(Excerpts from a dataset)
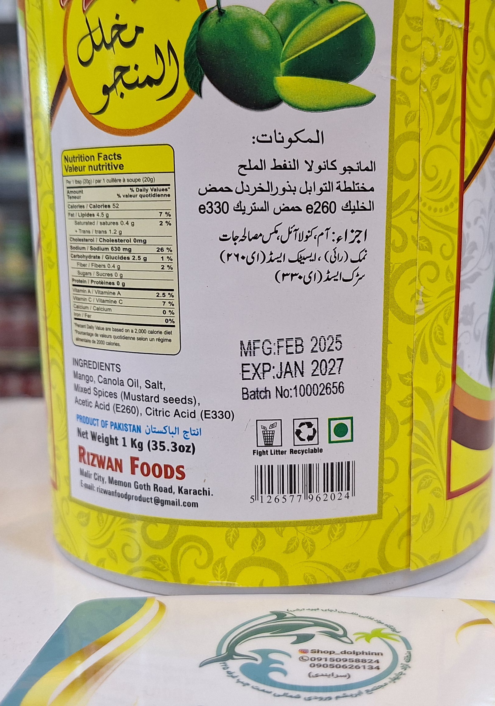 ترشی انبه خالص برند رضوان خالص حاوی روغن و ادویه مخصوص که در کشور پاکستان تهیه و شاپ دلفین این افتخار را دارد که این محصول با کیفیت و درجه یک را مستقیم از بندر چابهار در اختیار شما عزیزان قرار دهد.
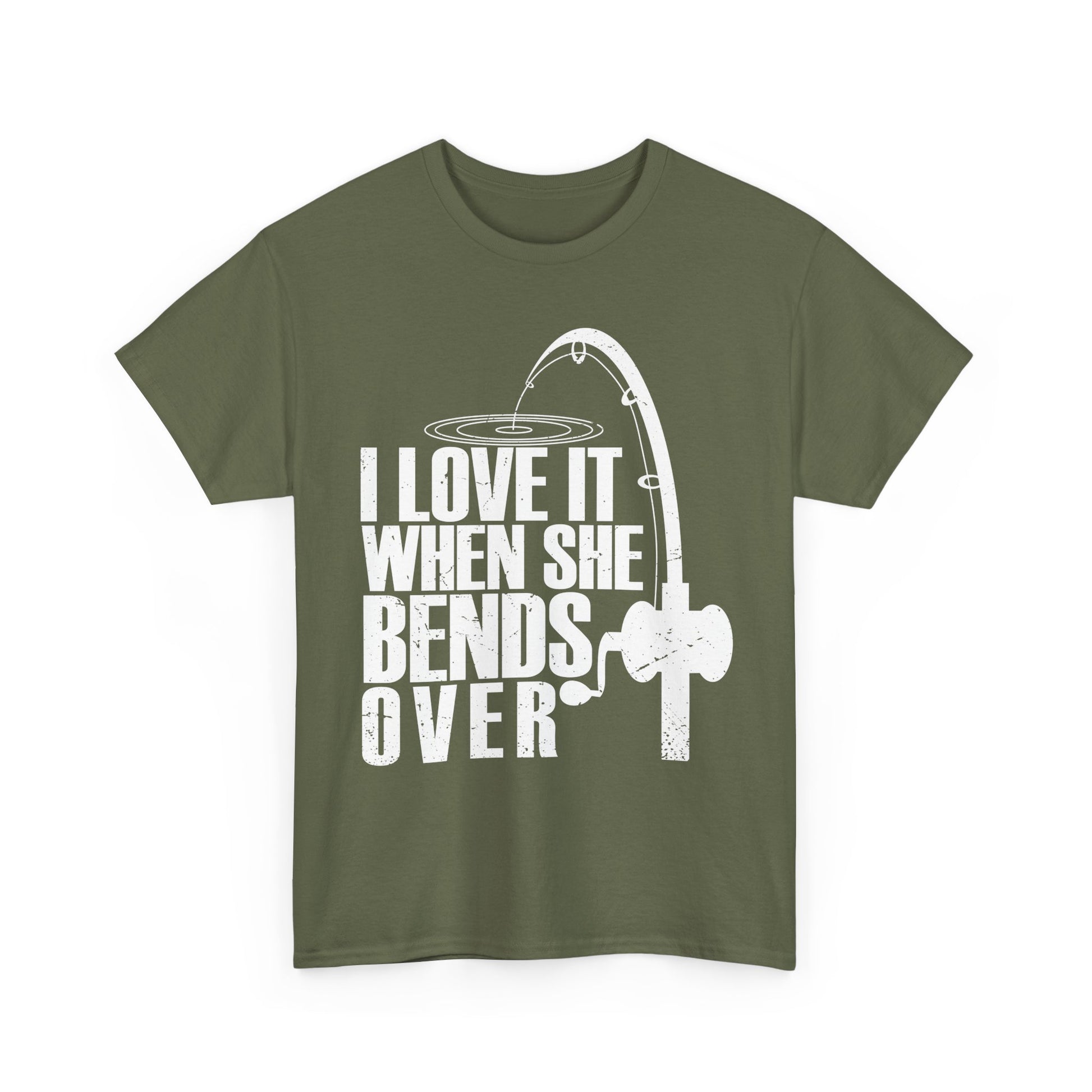 - This fishing T-Shirt is perfect for the fisherman dad in your life. Fishing tshirt saying "I Love It When She Bends Over " Ideal for outdoor enthusiasts, this shirt is a great gift for Father's Day or any special occasion.
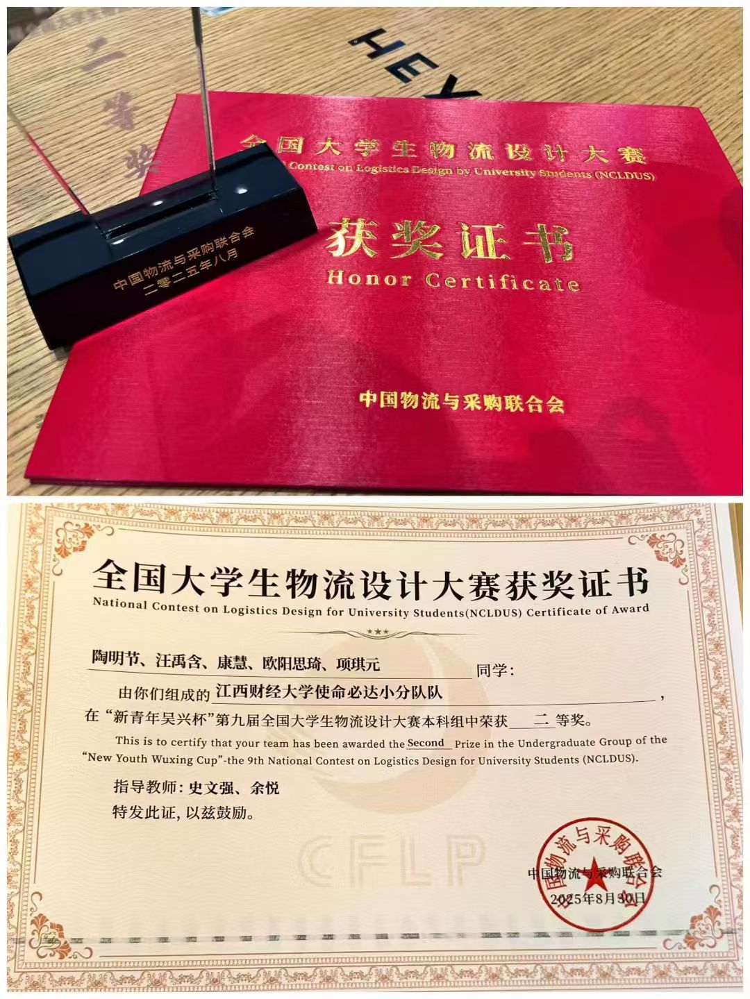 从初赛到决赛,历时四个多月,队伍在指导老师的悉心指导下,反复打磨方案,将理论知识转化为实战能力。队员们纷纷表示,通过大赛深化了对物流行业的认知,提升了团队协作与创新能力。同时,此次获奖,也是学校在创新人才培养方面取得的又一硕果,彰显了学校在物流与供应链管理领域的教学与实践成效。未来,工商管理学院将继续以赛促学、以赛促教,持续培养具有全球视野和创新精神的高素质物流人才。(图文/工商管理学院 编辑/张欣媛 审核/一审 姜莹 二审 赵旻 终审 成亚林)
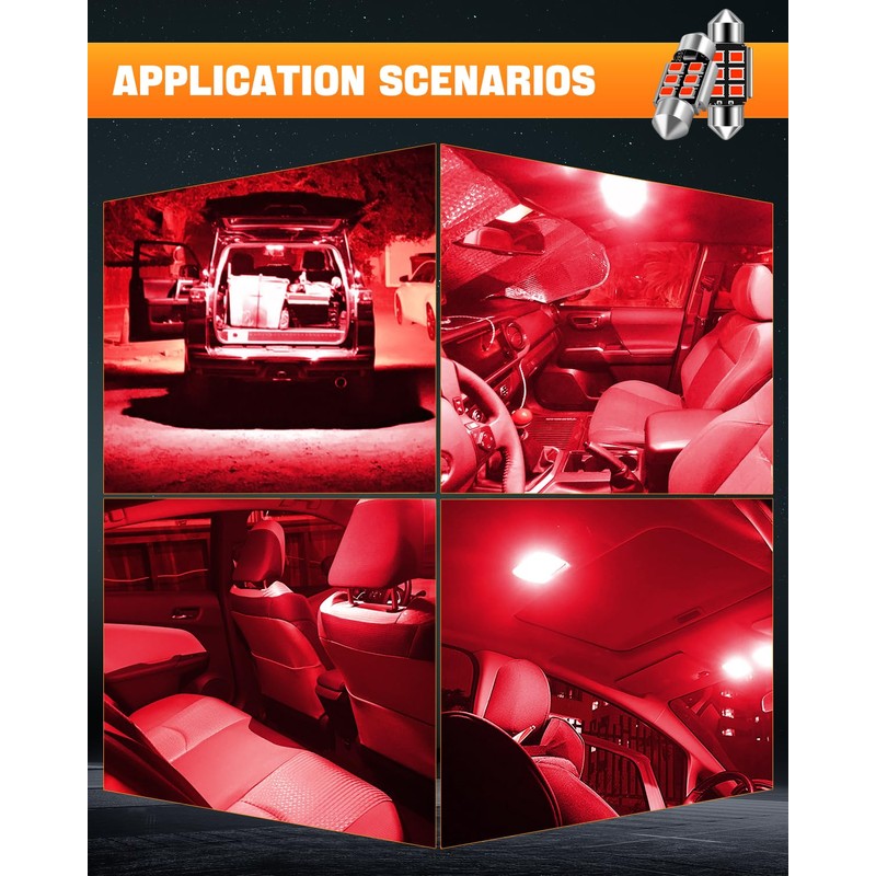 - Super Bright & Low Power:Set of 2 bulbs,800K,Red DE3175 2835 6-EX Chipsets LED Bulbs,190 Lumens&2.7W Per Bulb,Much Brighter Than Original Bulb
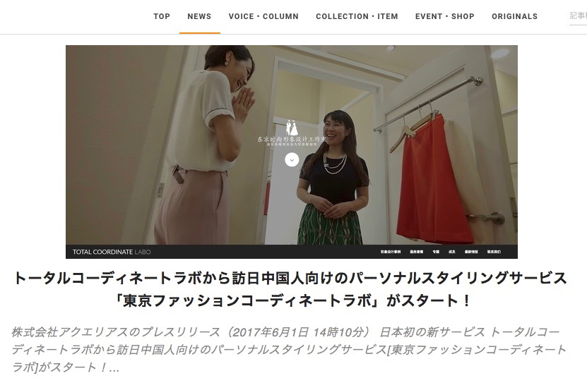 6/1より開始した弊社の「东京时尚形象设计工作室(東京ファッションコーディネートラボ)」がまたしてもメディアに取り上げていただきました!!
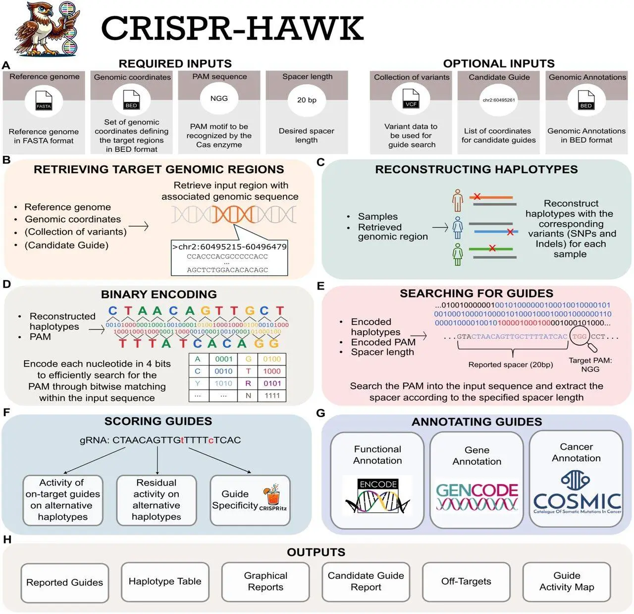 CRISPR-HAWK is a command-line tool that designs, scores, and annotates CRISPR guide RNAs while accounting for real human genetic variation. It employs massive population databases to rebuild individual genomes, so guides are chosen based on a person’s real DNA rather than just the reference genome. The tool looks for guides in user-defined genomic regions, predicts how well each one will work, checks for off-target effects, and includes genetic and functional annotations.
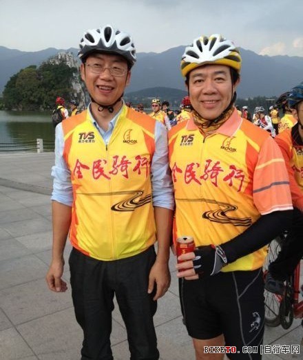 南方经视台汤聪(右)副台长是全民骑行的倡行者
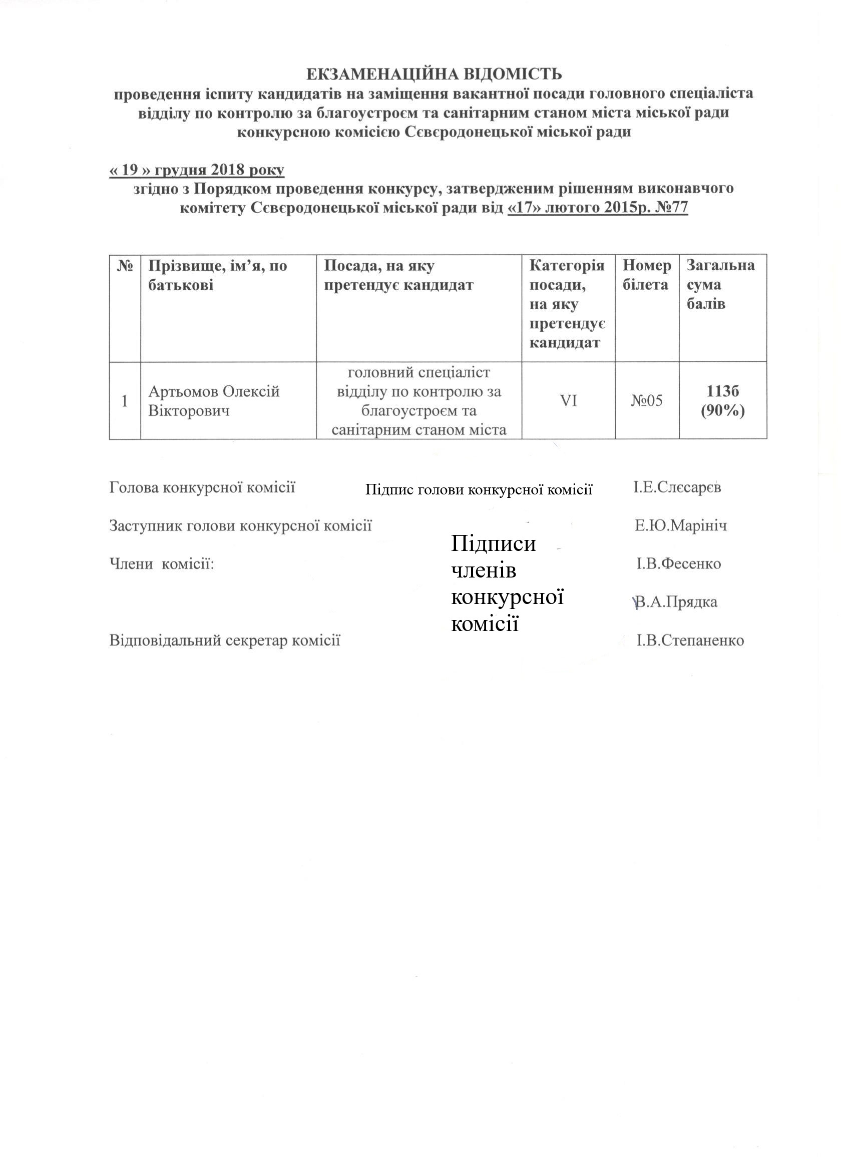Екзаменаційна відомість до протоколу № 17-1 (головний спеціаліст відділу по контролю за благоустроєм та санітарним станом міста)

## PROMPT
Exactly as they appear above, write out all the entries, but not the images.

## TASK ANSWER
 ترشی انبه خالص برند رضوان خالص حاوی روغن و ادویه مخصوص که در کشور پاکستان تهیه و شاپ دلفین این افتخار را دارد که این محصول با کیفیت و درجه یک را مستقیم از بندر چابهار در اختیار شما عزیزان قرار دهد.
 - This fishing T-Shirt is perfect for the fisherman dad in your life. Fishing tshirt saying "I Love It When She Bends Over " Ideal for outdoor enthusiasts, this shirt is a great gift for Father's Day or any special occasion.
 从初赛到决赛,历时四个多月,队伍在指导老师的悉心指导下,反复打磨方案,将理论知识转化为实战能力。队员们纷纷表示,通过大赛深化了对物流行业的认知,提升了团队协作与创新能力。同时,此次获奖,也是学校在创新人才培养方面取得的又一硕果,彰显了学校在物流与供应链管理领域的教学与实践成效。未来,工商管理学院将继续以赛促学、以赛促教,持续培养具有全球视野和创新精神的高素质物流人才。(图文/工商管理学院 编辑/张欣媛 审核/一审 姜莹 二审 赵旻 终审 成亚林)
 - Super Bright & Low Power:Set of 2 bulbs,800K,Red DE3175 2835 6-EX Chipsets LED Bulbs,190 Lumens&2.7W Per Bulb,Much Brighter Than Original Bulb
 6/1より開始した弊社の「东京时尚形象设计工作室(東京ファッションコーディネートラボ)」がまたしてもメディアに取り上げていただきました!!
 CRISPR-HAWK is a command-line tool that designs, scores, and annotates CRISPR guide RNAs while accounting for real human genetic variation. It employs massive population databases to rebuild individual genomes, so guides are chosen based on a person’s real DNA rather than just the reference genome. The tool looks for guides in user-defined genomic regions, predicts how well each one will work, checks for off-target effects, and includes genetic and functional annotations.
 南方经视台汤聪(右)副台长是全民骑行的倡行者
Екзаменаційна відомість до протоколу № 17-1 (головний спеціаліст відділу по контролю за благоустроєм та санітарним станом міста)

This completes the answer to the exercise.